The Catholic Church in the United States boasts 71 million members, 2.9 million of whom are black. Representatives from that vibrant community met in Orlando in July for the National Black Catholic Congress. The series of talks, workshops and liturgical celebrations examining issues facing black Catholics has been held every five years since 1987. The event concluded with the prophet Micah’s call to “act justly, love goodness and walk humbly with your God.”

Surveys indicate that black Catholics have high degrees of involvement with their parishes.
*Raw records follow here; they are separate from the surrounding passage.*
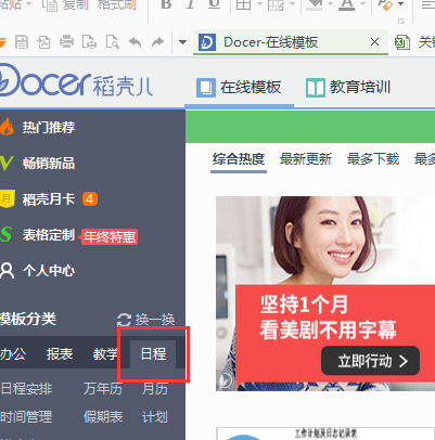 2.在模版分类找到“日程”,这里就有各种各样的日历
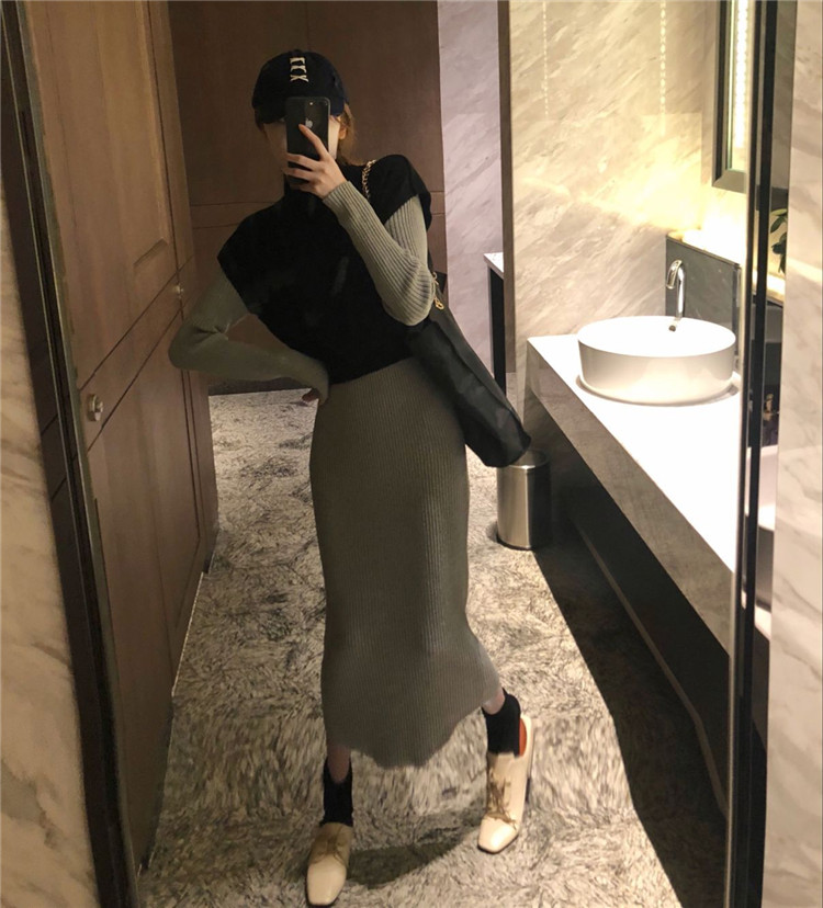/ 小香風套裝秋女2018新款韓版百搭時尚上衣顯瘦中長款連衣裙兩件套
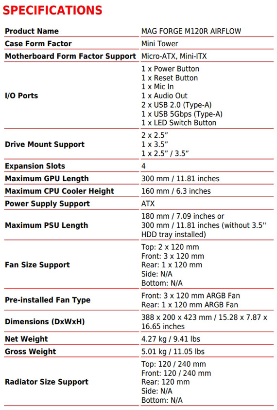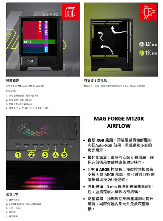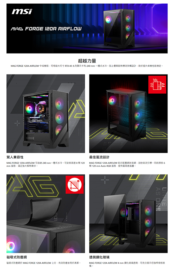 MSI微星 MAG FORGE M120R AIRFLOW 鋼化玻璃透側 ARGB 電競機殼
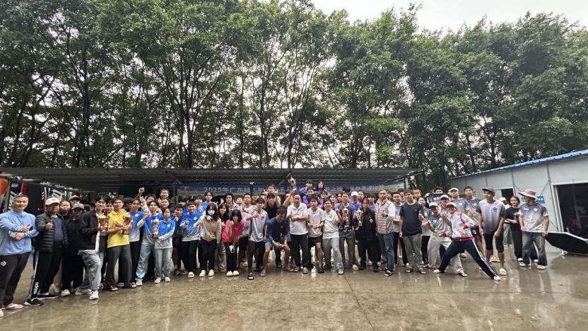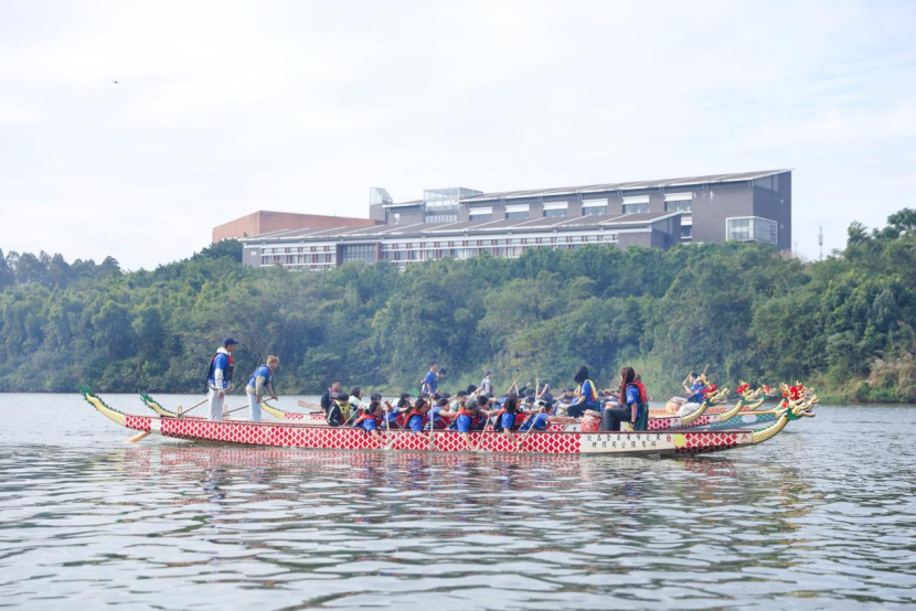 2025 年 12 月 2 日,广东轻工职业技术大学南海校区北区龙舟湖畔,一场别开生面的龙舟竞渡比赛在此激烈展开,为校园体育文化节增添了浓墨重彩的一笔。尽管天空阴雨连绵,但丝毫未能阻挡同学们的热情。湖面上,我校7个学院的近120 名学生齐聚一起,他们身着各色队服,分坐在龙舟之上,宛如一条条蓄势待发的蛟龙。随着一声令下,龙舟如离弦之箭,划破湖面,水花四溅。队员们手持船桨,动作整齐划一,有力地划动着,他们口中喊着口号,节奏感十足,展现出顽强拼搏、团结协作的精神风貌。
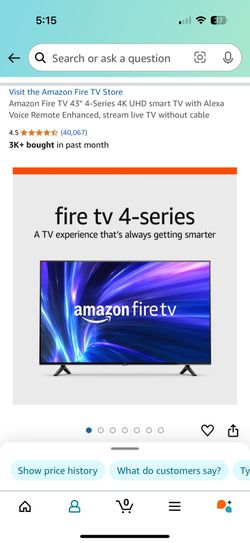 43in Amazon Fire TV 4-Series 4K UHD Smart TV w/ Alexa Voice Remote enhanced$180Fairfield, CA
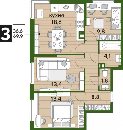Продается 3-х комн. новостройка, 69.9 кв.м., 12/16 эт
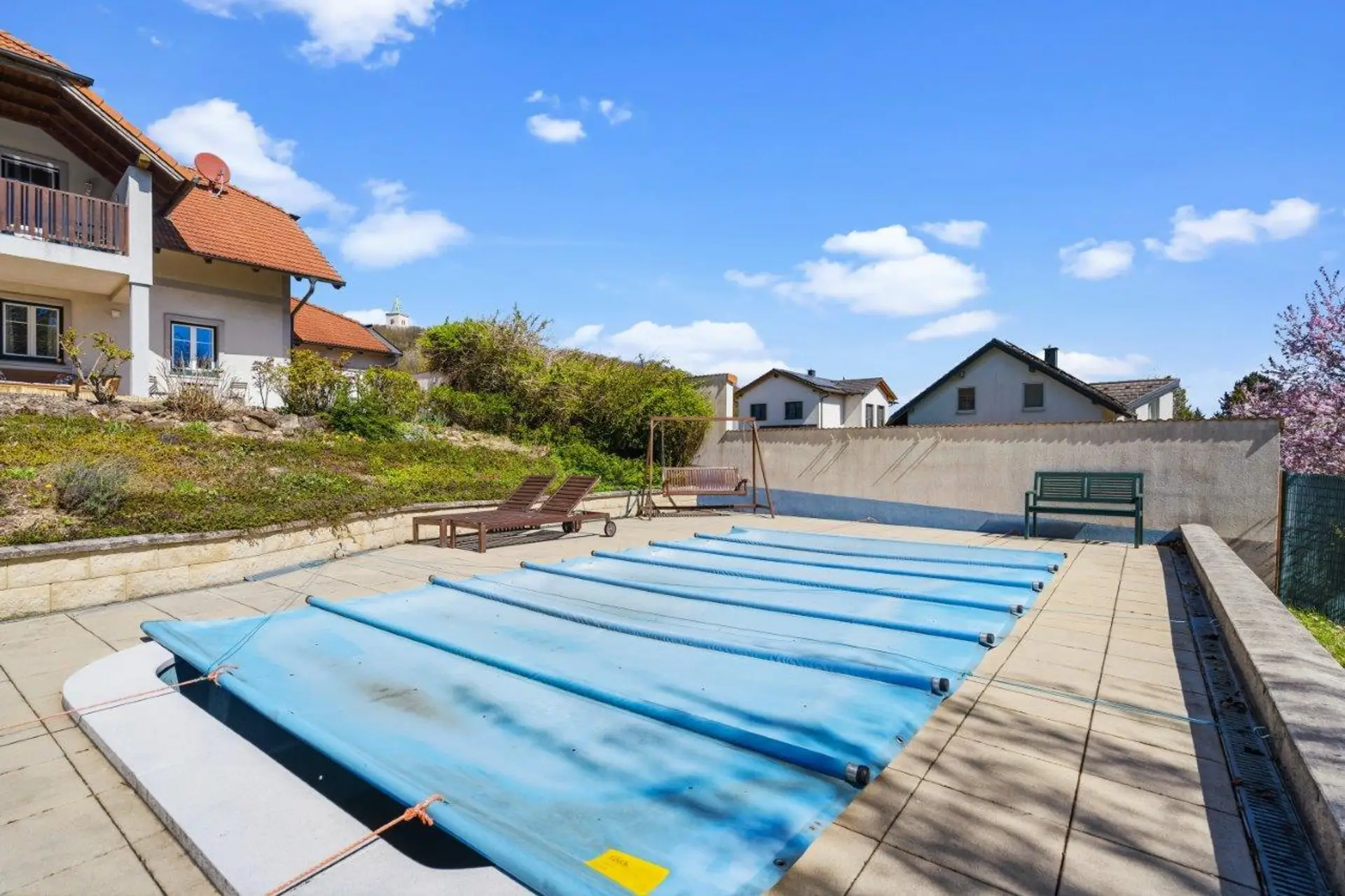 Zum Verkauf gelangt ein größeres Einfamilienhaus mit südlich orientiertem Garten, voll unterkellert, mit Garage und schöner Poollandschaft im bezaubernden Umfeld Karnabrunns mit seinen nahen Wäldern.
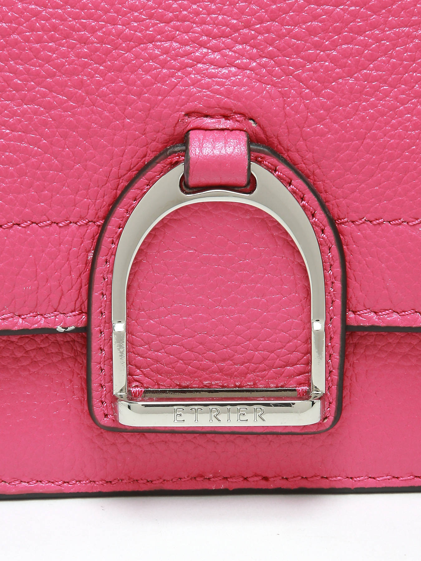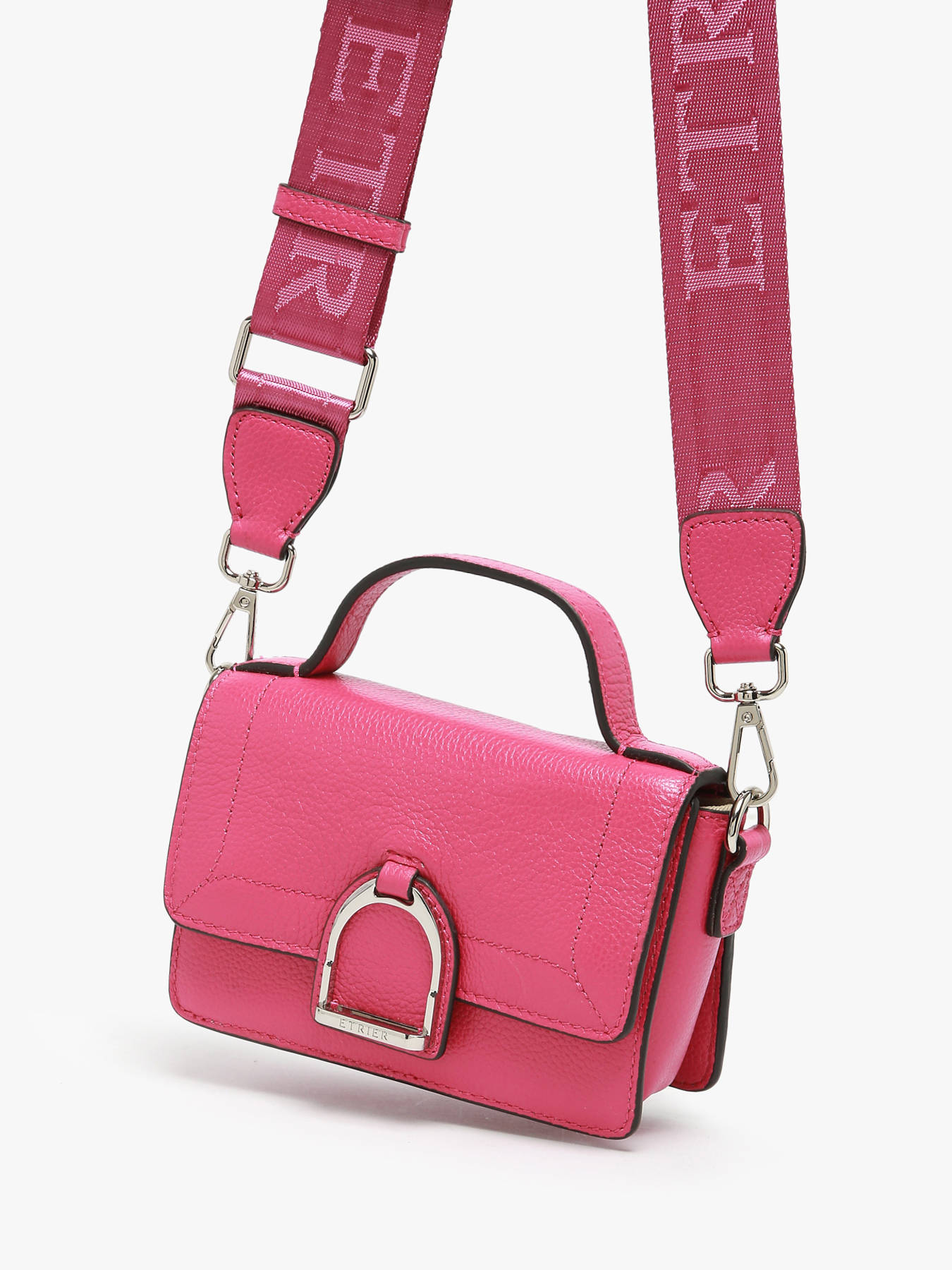 The ETRIER crossbody bag from the ALTESSE line comes in a mini size. Made of full-grain cow leather, it features a back pocket and a wide removable shoulder strap in embroidered canvas with the tonal ETRIER logo, as well as a leather handle. Its flap closure, adorned with the iconic metal stirrup emblem of the house, securely fastens with a magnetic snap. Versatile, it can be worn crossbody or by hand. Inside, a leather key holder accompanies a compartment with a flat pocket and a zip pocket for optimal organization. It is available in several seasonal colors, as well as in two larger sizes.
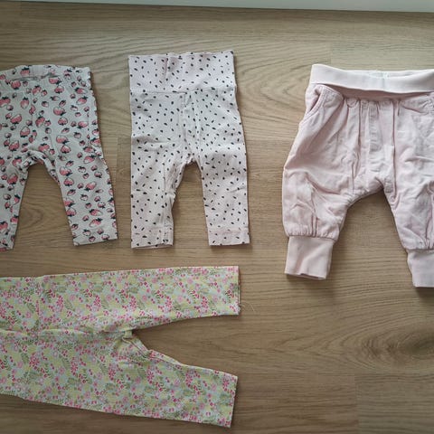 Kerran päällä olleet housut ja paita sekä vyö(?) tai panta. Merkki Monia, kokomerkintä 62 mutta housut vastasivat mielestäni kokoa 56.
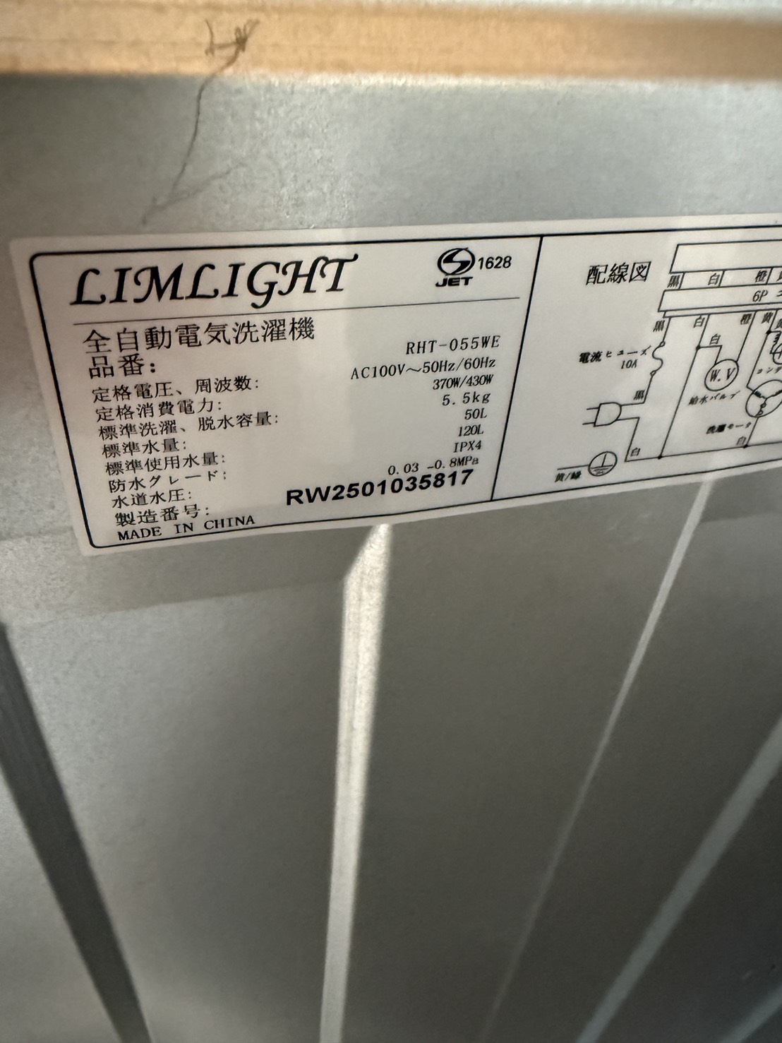 リムライト 洗濯機 5.5㎏ RHT-055WE 2025年製 定価14800円 #1835
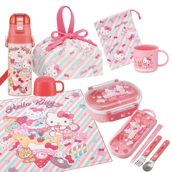 ハローキティ 26 お買得7点セット お弁当箱 中子付 360ml トリオ コップ コップ袋 2WAY水筒 巾着 ランチクロス
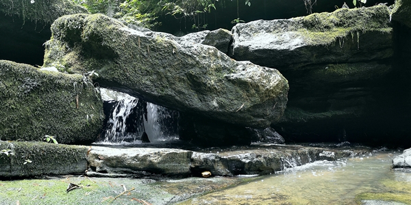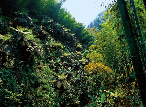 进入沟口,修竹千杆,桫椤遍野,美丽的凉姜花竞相开放。在梦幻般的沟谷中,时而林茂沟深浓荫蔽日,宛如穿行于热带雨林一般,时而又豁然开朗,秀水潺潺,绿草如茵,端庄恬美。
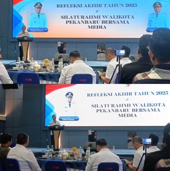 PEKANBARU--(KIBLATRIAU.COM)-- Pemerintah Kota (Pemko) Pekanbaru mengelar refleksi akhir tahun sekaligus silaturahmi bersama media. Kegiatan itu, berlangsung di Ball Room Lantai 6, Komplek Perkantoran Tenayan Raya, Rabu (32/12/2025). Pada acara iru, Pemerintah Kota Pekanbaru dalam hal ini disampaikan Walilota Pekanbaru Agung Nugroho SE MM telah
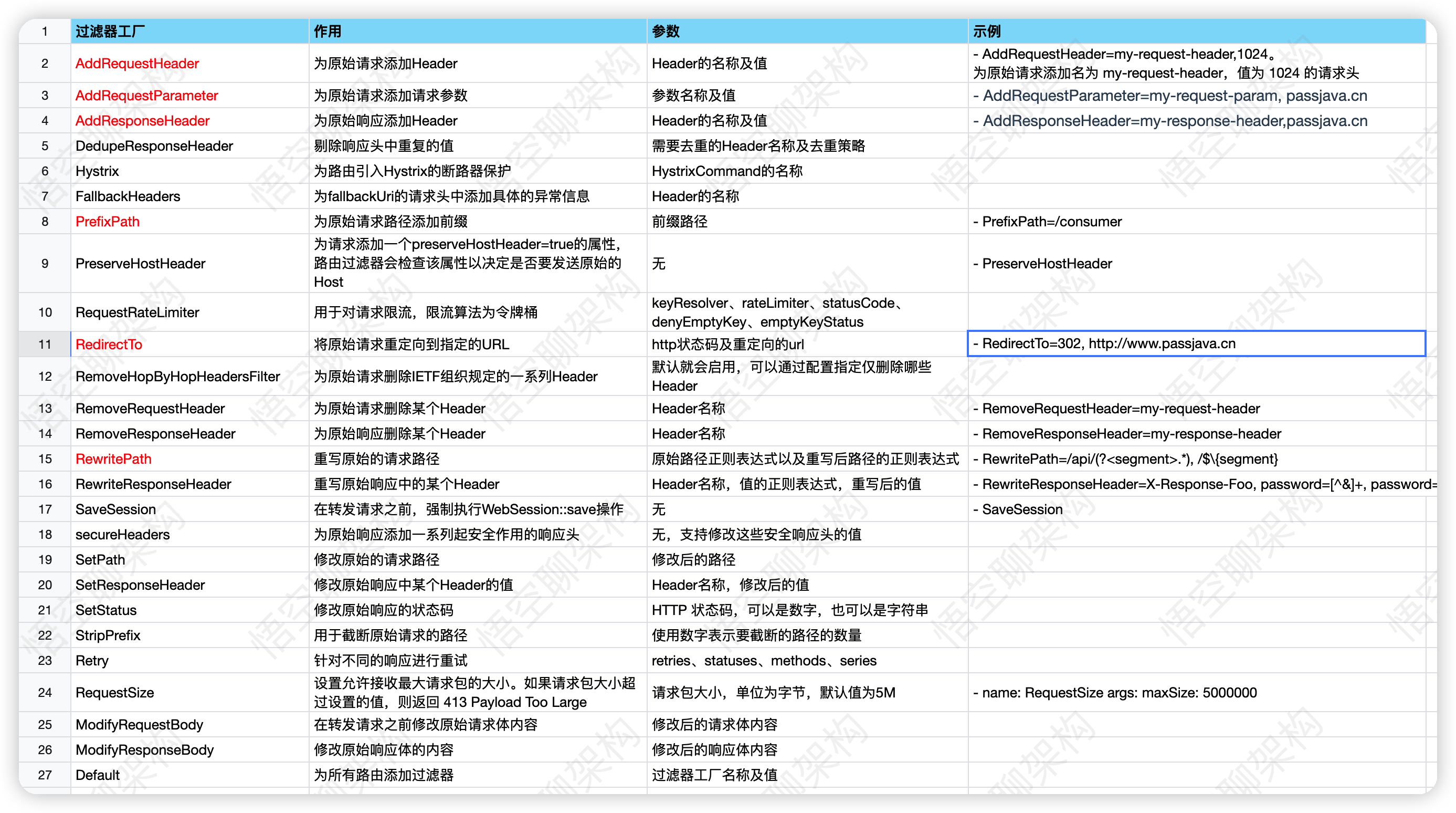 局部过滤器,应用在单个路由或一组路由上的过滤器。标红色表示比较常用的过滤器。

“We have to work together to get closer to God and to get closer to each other,” says Tonya Dorsey, a speaker at the Congress and the minister of music at St. Martin de Porres in Philadelphia. “Once we treat each other with respect and dignity, people will be drawn to us.”

One “pastoral priority” that emerged from the Congress was to “dismantle racism in all forms.” That appeal followed discussion of the Black Lives Matter campaign, which prompted Auxiliary Bishop Fernand Cheri III of New Orleans to apologize to young black Catholics for abandoning the movement. “Partly, I didn’t understand it, and by the time I did understand it, it was too late,” Bishop Cheri said, responding to a frank dialogue on dissatisfaction with the church’s handling of racial issues.

Part of the solution, suggests Ms. Dorsey, involves listening more to younger voices. “We’ve got to be open to our youth....They really want to be a part of the whole life of the church.”